No such slippage would be tolerated in the authoritarian idea mills of the Soviet Union, site of ”the most ambitious effort in history to promote creativity,” the authors say. There, central planners dating back to Lenin’s day established rigid idea quotas. And, as Robinson and Stern show, responses were comical, tragic, and sometimes both. The authors describe an interview in the early 1990s, during which a worker explained how he and his colleagues came up with dozens of ideas every day. Holding aloft a piece of paper, which he said represented one idea, he folded it in half. ”Two ideas, da?” Then, he folded it again. ”Four ideas, da?” His point as he kept folding the paper was that they simply duplicated the same suggestions over and over. Another Russian worker suggested disabling the cumbersome safety device on a stamping machine he operated. The management enthusiastically agreed. And a few months later, the revamped machine chopped off that same worker’s hand.
Moving on to consider the results at modern American corporations, the authors level shots at a few demigods in the idea pantheon. They describe the great successes at American Airlines Inc., where CEO Robert L. Crandall’s suggestion program, IdeAAs in Action, has saved tens of millions of dollars. But Crandall’s scheme, like NCR’s, is focused on improving current practices, not on creating new ones. The danger is that the more a company refines its current system, the less likely it is to consider sweeping changes. The authors call it ”creativity through the rearview mirror.” Nor do they approve of 3M’s rigid numerical targets for new-product development. This focus, they say, discourages researchers from improving existing products–a process that can also lead to breakthroughs. They note that 3M, recognizing this, has recently relaxed its quotas.

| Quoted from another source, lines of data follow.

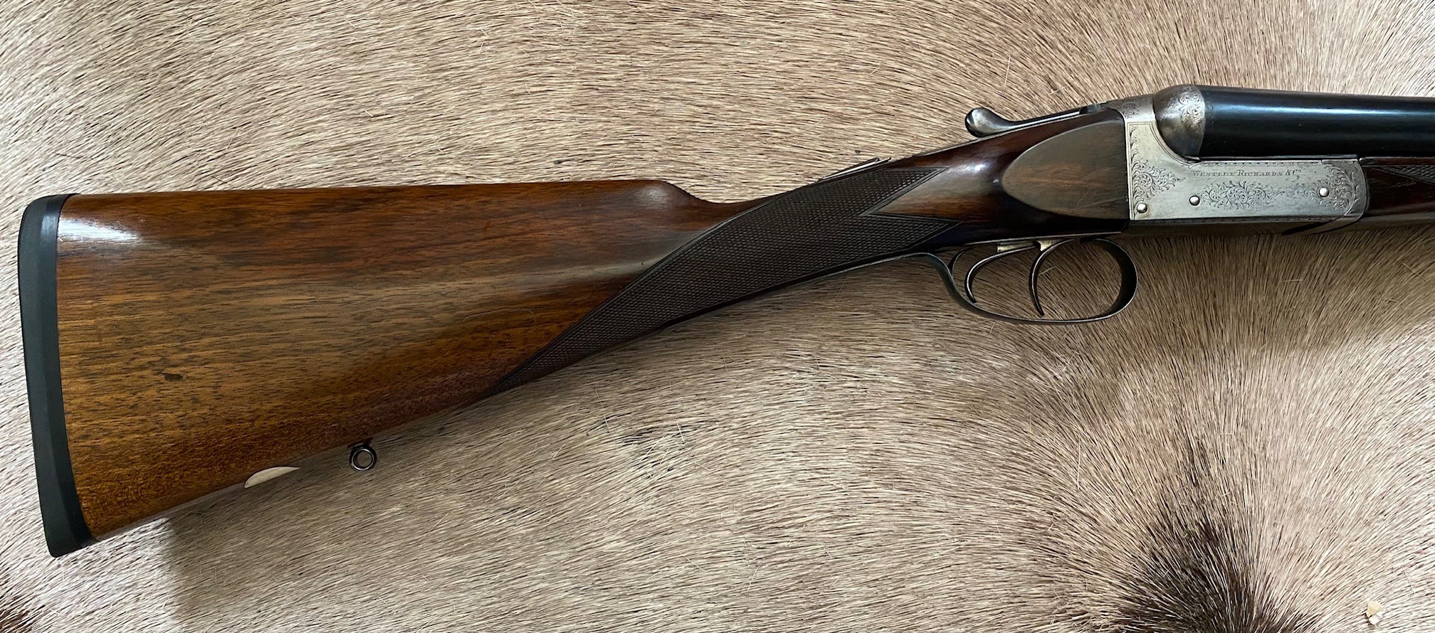 Westley Richard’s & Co. - Boxlock - 12 Gauge. This Birmingham built gun has 30" barrels, ejectors and loop swivels. The barrels are choked .001" / Cylinder & .013" Light Modified with 2 3/4" chambers. The straight grained stock has a Length of Pull: 14 3/16" which includes the .500" Black recoil pad. Drop at Comb: 1 1/2". Drop at Heel: 2". Cast: Off 1/4". 6.5 pounds.
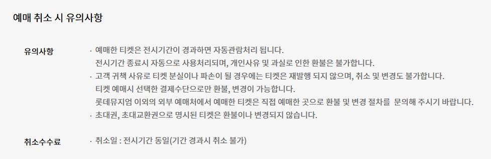 - 개인 사유로 인한 환불이 불가능하므로, 관람 날짜와 시간을 신중하게 결정하셔야 합니다.
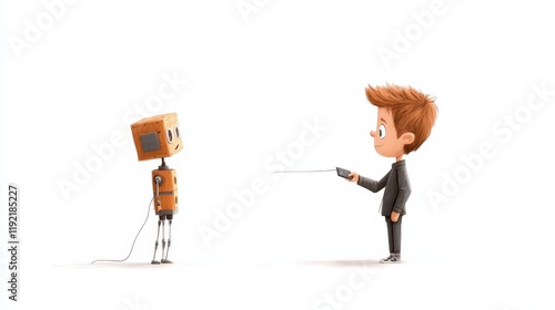 interaction, robot, boy, technology, imagination, friendship, connection, childhood, playfulness, creativity, character, design, digital, cute, education, innovation, fantasy, future, fun, emotion, storytelling, youth, entertainment, art, cartoon, playful, happy, digital artwork, modern, character, inspiration, humor, smile, casual attire, engaging, friendly, animated, children, creative, robotic, simple, elegance
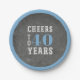 Add a cool custom touch to your milestone birthday celebration with these "cheers" themed party plates in grey chalkboard and blue. Design features "cheers to xx years" in the centre. Example shown for a 40th birthday party; customise with any age.
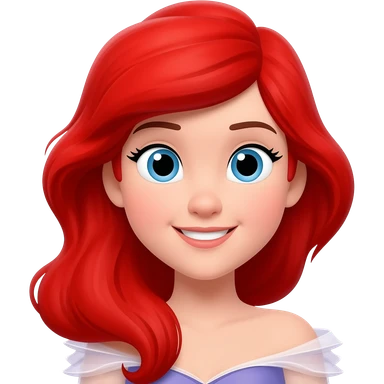 Ariel from Disney's The Little Mermaid, smiling, with flowing red hair, purple seashell top, and green mermaid tail, apple-style emoji art emoji
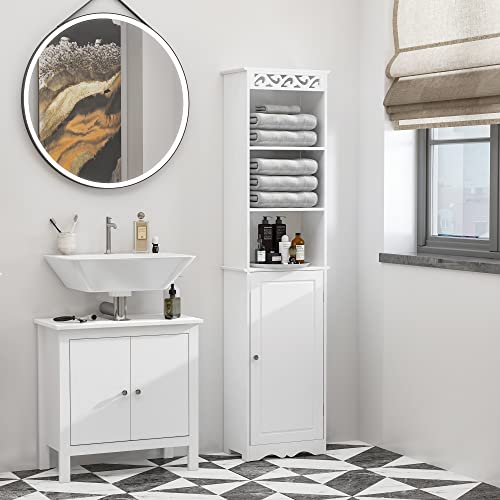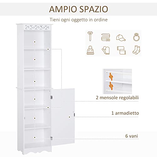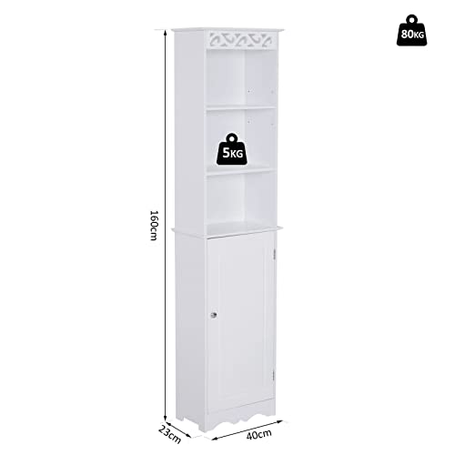 Homcom Mobiletto del Bagno a Torre 3 Ripiani Regolabili su 3 Livelli e 1 Ampio Armadietto Inferiore Manopole sull'Anta MDF Bianco 40x23x160cm

So what’s the answer? There needs to be an excitement about work that produces all kinds of ideas, independent of rewards and quotas. These conditions, the authors stress, can exist in all sorts of workplaces, even in government. In another example, Corporate Creativity’s authors tell the story of a bureaucrat working part-time for the Massachusetts state government. This was not someone who ordinarily would be invited to join a governor’s blue-ribbon panel on medical-insurance reform. Yet she happened to know the Medicaid process inside out, and she came up with an idea–which, it should be noted, shifted costs from the state to Uncle Sam–and eventually saved Massachusetts some $1.4 billion. The savings greatly helped to balance the state budget. To produce insights like this, the authors note, employees must not only be given free rein to think and plenty of information. They also require managers who’ll push the ideas to the top.
But a warning to executives considering assigning the book as reading for the next visioning retreat session: Robinson and Stern paint a beguiling picture of what an open-minded, creative workplace could be. Some employees, unmoved by the usual exhortations, may be tempted to pick up and search for a place where their ideas can make a difference.